Eduardo Blandón
No dormía desde hacía tiempo. Era extraño porque lo suyo era la tranquilidad del espíritu, esa que resulta de la vida pragmática o desembarazada. Sin embargo, la muerte de su padre había sido atroz, un gancho al hígado del que no se reponía. Lo esperaba, era hiperrealista, pero los hechos trastornaron sus emociones que no sabía resolver.
Antes de ese acontecimiento, cuando la muerte apenas asomaba, jugaba a la filosofía. Disfrutaba alabando a los estoicos con cuya fortaleza de ánimo se mostraban imperturbables. Así debe ser, decía, debemos aceptar lo que el logos, la providencia o el sino reserva para cada uno. Lo demás es cobardía.
Y sí, ahora estaba abatido, apenas discurría. Desolado, le costaba lidiar con las horas que eran eternas e indigeribles. Se mantenía sumido entre el vacío y el bochorno de monólogos extensos sin finalidad ni propósito, como si le hubieran insertado un dispositivo ruidoso que castigaba sus oídos. De ese modo, no descansaba en pensamientos reiterativos.
El calor de los días lo predisponía. El sillón viejo, hundido y apestoso a gatos. La suciedad del corredor y su desorden. La casa parecía poseída por el mismo pesar. Hasta las noches eran tenebrosas. Su habitación, grande, conservaba el frío y el rumor terrorífico del techo, las ventanas y las puertas.
Vivía solo y esto justificaba su decadencia. Desaliñado semejaba un monje de los que extravían el sentido de la ascesis y la comprensión mística. Se notaba enfermo.
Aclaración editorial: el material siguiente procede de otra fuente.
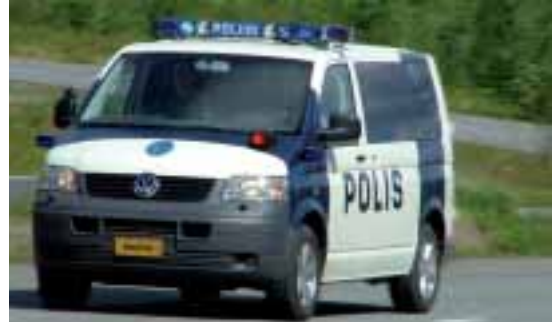
Poliisijoneuvojen varustus ja modernisointi voisi tapahtua lisälnessä.

tään Pohjois-Savon ympäristökeskuksen laboratorion siirtoa osaksi Suomen Ympäristökeskuksen Kuopiossa vahvistettavaa tutkimustoimintaa. Sen tutkimusalana olisi ympäristöriskien selvittäminen molekyylibiologisin menetelmin.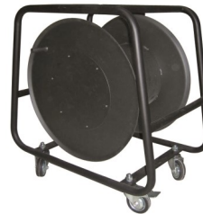
EM100 - EM 100R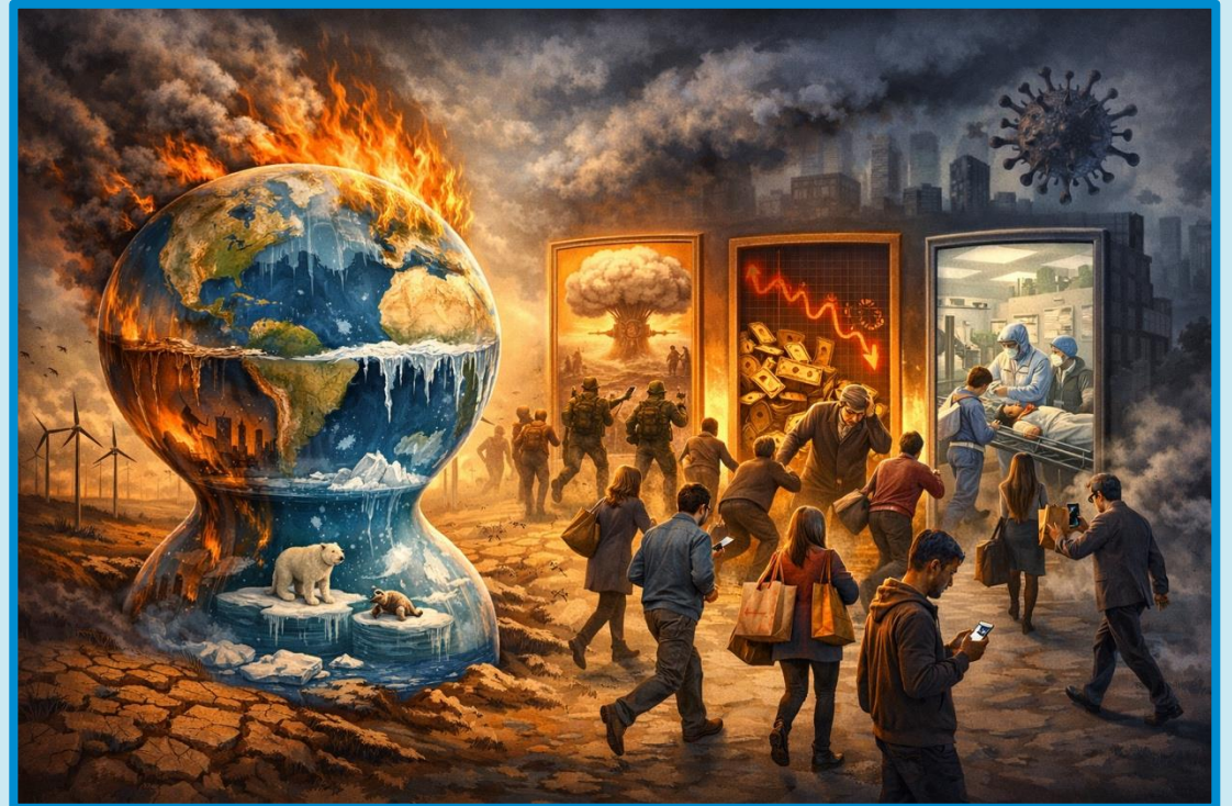
OpenAI (2026): Digitale Illustration zur Visualisierung der konkurrierenden Krisen im Kontext der Klimakrise [KI-generiertes Bild]. DALL-E.

Politische Durchsetzbarkeit und Druckmechanismus als Herausforderung (Neodirigismus)

Barbado y en total descuido, únicamente conservaba la mirada escrutadora, pero cansada, con registros de lejana juventud. Él, que en otros tiempos versificaba la vida fingiéndose heredero, aunque rústico, del romanticismo clásico.
“Como en el amor, pensaba, las pérdidas son un pretexto que exculpa el narcisismo. Es un falso llanto por los demás. El drama expresa la frustración del niño enfrentado a su capricho. Representa la imposición del destino cebado contra nuestra voluntad. Efectivamente, no es la partida, el fin de los afectos o el sentimiento de soledad lo que nos abate, sino el absurdo de un proyecto irrealizado cuando parecía alcanzable”.
Lo suyo no era una revelación de última hora, era más bien el pensamiento cíclico que racionalizaba sus tormentos. El recurso oportuno, inútil, sin embargo, para resignificar su existencia, carcomida por la incertidumbre de sus acciones. Desalentado por lo que estimaba el triunfo de las emociones sobre el carácter, el asalto último de lo sensible por encima del cálculo frío, ahora impotente.